**Problem:**
The pictures stay out. Please retype every line below exactly.

**Exercise data:**
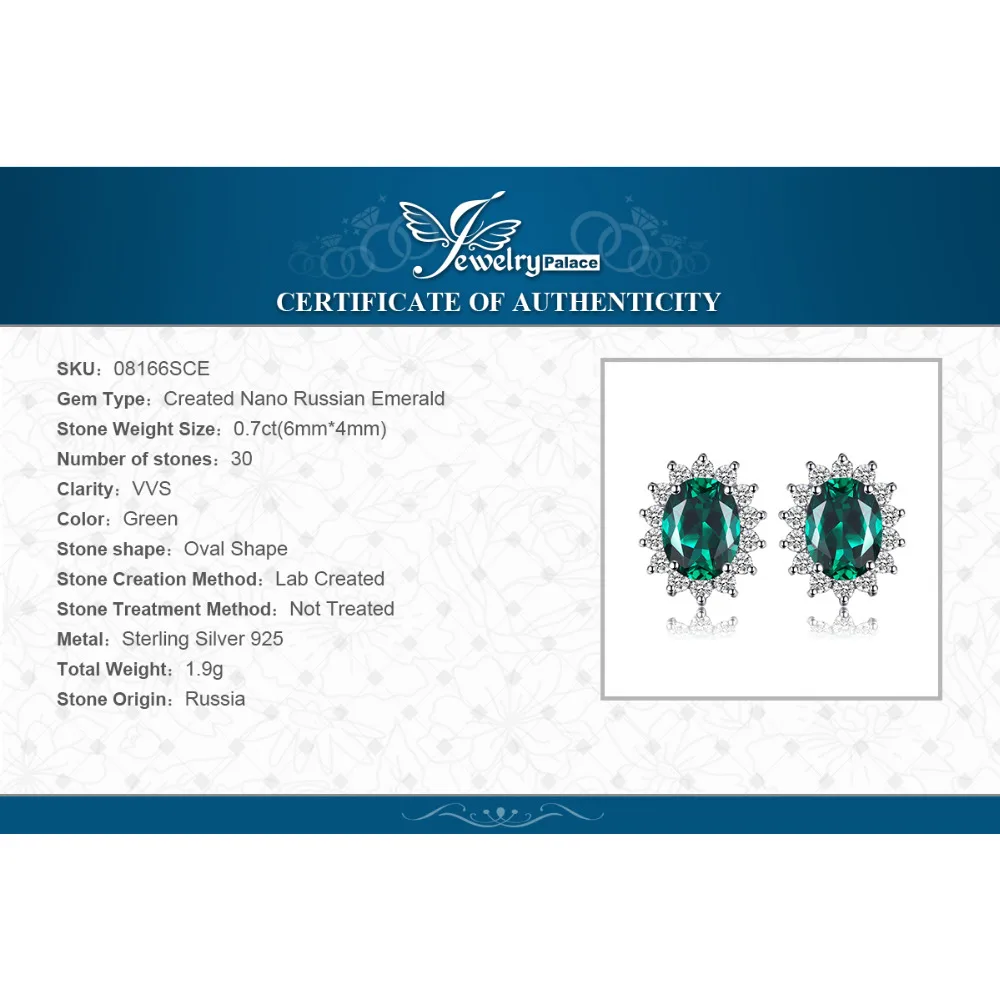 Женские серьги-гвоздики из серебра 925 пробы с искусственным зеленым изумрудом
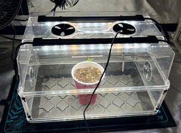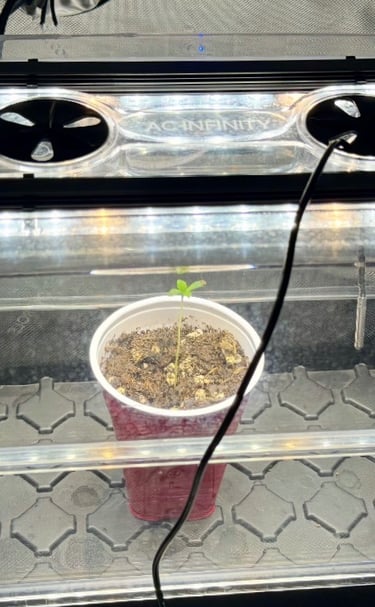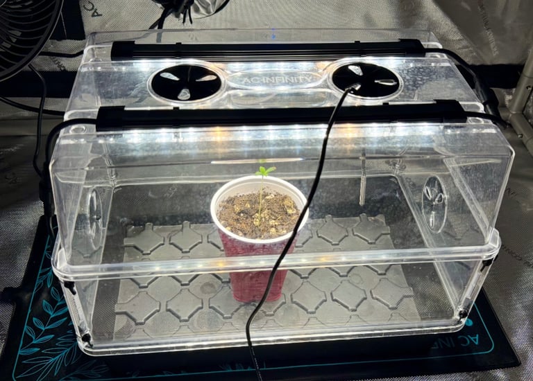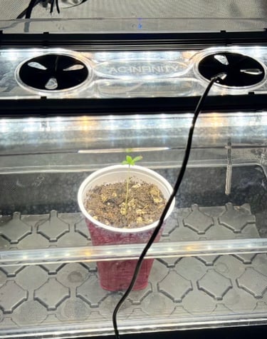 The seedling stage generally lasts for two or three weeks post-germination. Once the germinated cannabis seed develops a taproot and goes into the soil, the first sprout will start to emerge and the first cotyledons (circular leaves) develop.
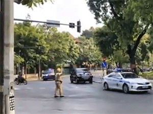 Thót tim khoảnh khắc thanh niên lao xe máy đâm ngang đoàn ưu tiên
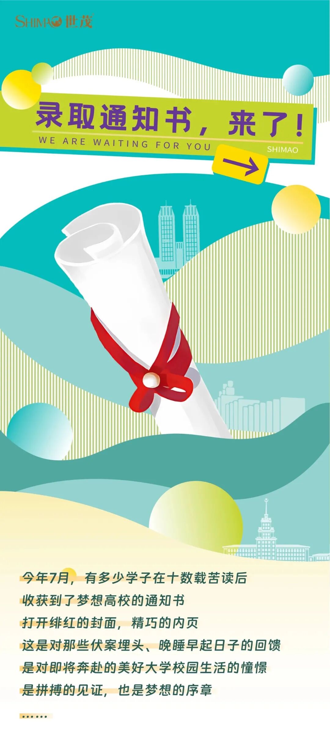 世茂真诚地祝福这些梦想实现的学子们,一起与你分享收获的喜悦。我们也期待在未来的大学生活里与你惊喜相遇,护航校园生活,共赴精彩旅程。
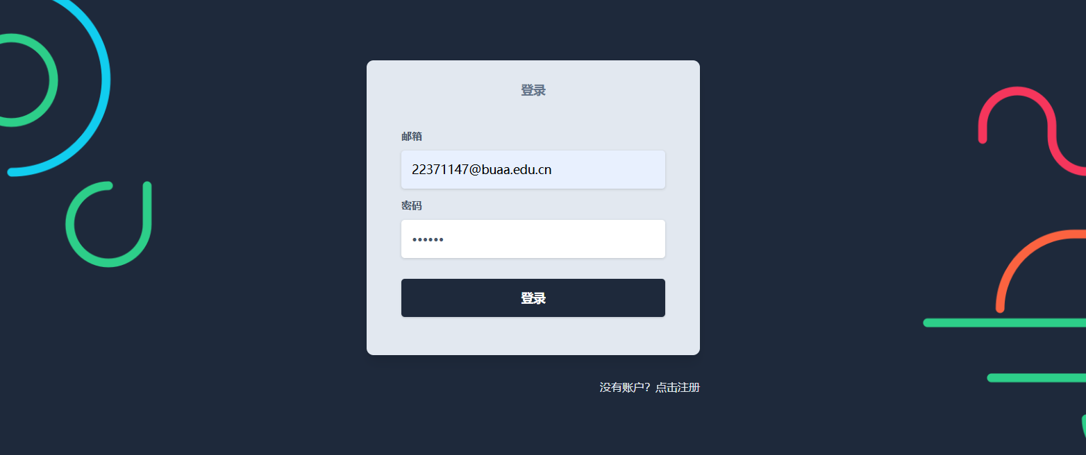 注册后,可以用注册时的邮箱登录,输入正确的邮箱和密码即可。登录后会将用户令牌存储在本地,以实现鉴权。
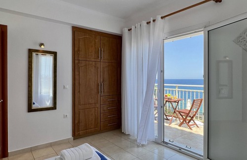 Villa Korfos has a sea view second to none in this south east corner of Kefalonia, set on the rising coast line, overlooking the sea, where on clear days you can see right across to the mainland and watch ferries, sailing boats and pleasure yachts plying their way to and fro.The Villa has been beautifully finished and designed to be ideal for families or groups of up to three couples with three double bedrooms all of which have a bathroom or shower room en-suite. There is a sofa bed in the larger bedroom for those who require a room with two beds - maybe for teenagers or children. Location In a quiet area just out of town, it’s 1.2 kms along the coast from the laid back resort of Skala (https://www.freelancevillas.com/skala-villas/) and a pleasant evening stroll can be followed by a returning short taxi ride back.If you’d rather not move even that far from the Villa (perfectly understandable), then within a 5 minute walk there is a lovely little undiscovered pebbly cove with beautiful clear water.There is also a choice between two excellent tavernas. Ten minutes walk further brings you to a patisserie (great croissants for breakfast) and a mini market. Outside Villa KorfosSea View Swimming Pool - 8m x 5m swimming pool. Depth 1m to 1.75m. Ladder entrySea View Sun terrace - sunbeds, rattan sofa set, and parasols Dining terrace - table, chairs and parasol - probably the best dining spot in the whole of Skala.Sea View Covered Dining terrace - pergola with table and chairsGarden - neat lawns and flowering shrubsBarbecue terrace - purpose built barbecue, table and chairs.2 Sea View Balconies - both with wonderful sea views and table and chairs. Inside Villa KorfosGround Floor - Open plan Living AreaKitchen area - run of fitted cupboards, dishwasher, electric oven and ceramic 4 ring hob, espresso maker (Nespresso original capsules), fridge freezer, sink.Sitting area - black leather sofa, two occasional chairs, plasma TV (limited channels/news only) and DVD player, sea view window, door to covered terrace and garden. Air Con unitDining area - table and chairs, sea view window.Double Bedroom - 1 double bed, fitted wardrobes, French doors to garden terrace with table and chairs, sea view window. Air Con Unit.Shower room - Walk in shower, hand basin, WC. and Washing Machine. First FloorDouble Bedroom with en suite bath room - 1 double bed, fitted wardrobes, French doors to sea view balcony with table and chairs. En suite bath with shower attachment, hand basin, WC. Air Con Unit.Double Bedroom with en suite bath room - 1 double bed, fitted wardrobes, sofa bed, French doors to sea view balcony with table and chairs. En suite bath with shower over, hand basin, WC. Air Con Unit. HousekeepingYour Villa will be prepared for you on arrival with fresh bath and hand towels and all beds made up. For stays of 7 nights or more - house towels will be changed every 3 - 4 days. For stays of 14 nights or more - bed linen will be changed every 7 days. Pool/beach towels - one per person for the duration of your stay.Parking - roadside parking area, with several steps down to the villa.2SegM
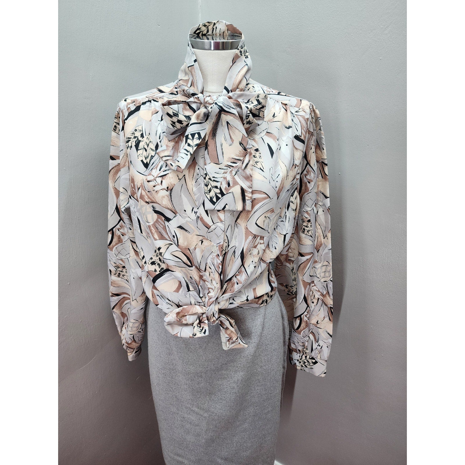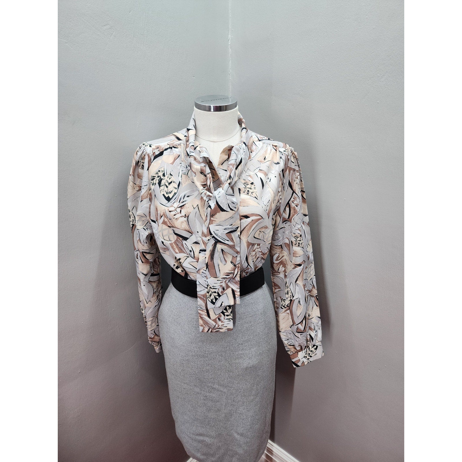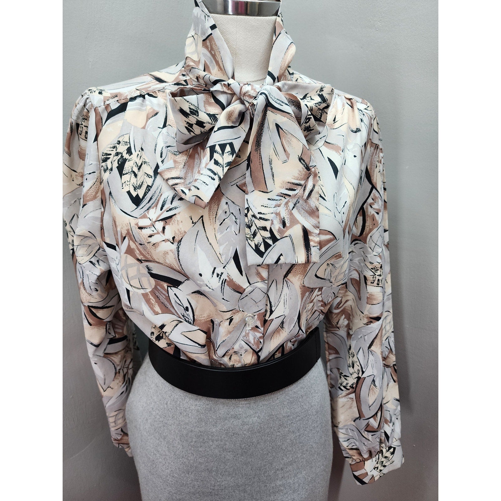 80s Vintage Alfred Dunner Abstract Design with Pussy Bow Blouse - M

**Solution for this task:**
 Женские серьги-гвоздики из серебра 925 пробы с искусственным зеленым изумрудом
 The seedling stage generally lasts for two or three weeks post-germination. Once the germinated cannabis seed develops a taproot and goes into the soil, the first sprout will start to emerge and the first cotyledons (circular leaves) develop.
 Thót tim khoảnh khắc thanh niên lao xe máy đâm ngang đoàn ưu tiên
 世茂真诚地祝福这些梦想实现的学子们,一起与你分享收获的喜悦。我们也期待在未来的大学生活里与你惊喜相遇,护航校园生活,共赴精彩旅程。
 注册后,可以用注册时的邮箱登录,输入正确的邮箱和密码即可。登录后会将用户令牌存储在本地,以实现鉴权。
 Villa Korfos has a sea view second to none in this south east corner of Kefalonia, set on the rising coast line, overlooking the sea, where on clear days you can see right across to the mainland and watch ferries, sailing boats and pleasure yachts plying their way to and fro.The Villa has been beautifully finished and designed to be ideal for families or groups of up to three couples with three double bedrooms all of which have a bathroom or shower room en-suite. There is a sofa bed in the larger bedroom for those who require a room with two beds - maybe for teenagers or children. Location In a quiet area just out of town, it’s 1.2 kms along the coast from the laid back resort of Skala (https://www.freelancevillas.com/skala-villas/) and a pleasant evening stroll can be followed by a returning short taxi ride back.If you’d rather not move even that far from the Villa (perfectly understandable), then within a 5 minute walk there is a lovely little undiscovered pebbly cove with beautiful clear water.There is also a choice between two excellent tavernas. Ten minutes walk further brings you to a patisserie (great croissants for breakfast) and a mini market. Outside Villa KorfosSea View Swimming Pool - 8m x 5m swimming pool. Depth 1m to 1.75m. Ladder entrySea View Sun terrace - sunbeds, rattan sofa set, and parasols Dining terrace - table, chairs and parasol - probably the best dining spot in the whole of Skala.Sea View Covered Dining terrace - pergola with table and chairsGarden - neat lawns and flowering shrubsBarbecue terrace - purpose built barbecue, table and chairs.2 Sea View Balconies - both with wonderful sea views and table and chairs. Inside Villa KorfosGround Floor - Open plan Living AreaKitchen area - run of fitted cupboards, dishwasher, electric oven and ceramic 4 ring hob, espresso maker (Nespresso original capsules), fridge freezer, sink.Sitting area - black leather sofa, two occasional chairs, plasma TV (limited channels/news only) and DVD player, sea view window, door to covered terrace and garden. Air Con unitDining area - table and chairs, sea view window.Double Bedroom - 1 double bed, fitted wardrobes, French doors to garden terrace with table and chairs, sea view window. Air Con Unit.Shower room - Walk in shower, hand basin, WC. and Washing Machine. First FloorDouble Bedroom with en suite bath room - 1 double bed, fitted wardrobes, French doors to sea view balcony with table and chairs. En suite bath with shower attachment, hand basin, WC. Air Con Unit.Double Bedroom with en suite bath room - 1 double bed, fitted wardrobes, sofa bed, French doors to sea view balcony with table and chairs. En suite bath with shower over, hand basin, WC. Air Con Unit. HousekeepingYour Villa will be prepared for you on arrival with fresh bath and hand towels and all beds made up. For stays of 7 nights or more - house towels will be changed every 3 - 4 days. For stays of 14 nights or more - bed linen will be changed every 7 days. Pool/beach towels - one per person for the duration of your stay.Parking - roadside parking area, with several steps down to the villa.2SegM
 80s Vintage Alfred Dunner Abstract Design with Pussy Bow Blouse - M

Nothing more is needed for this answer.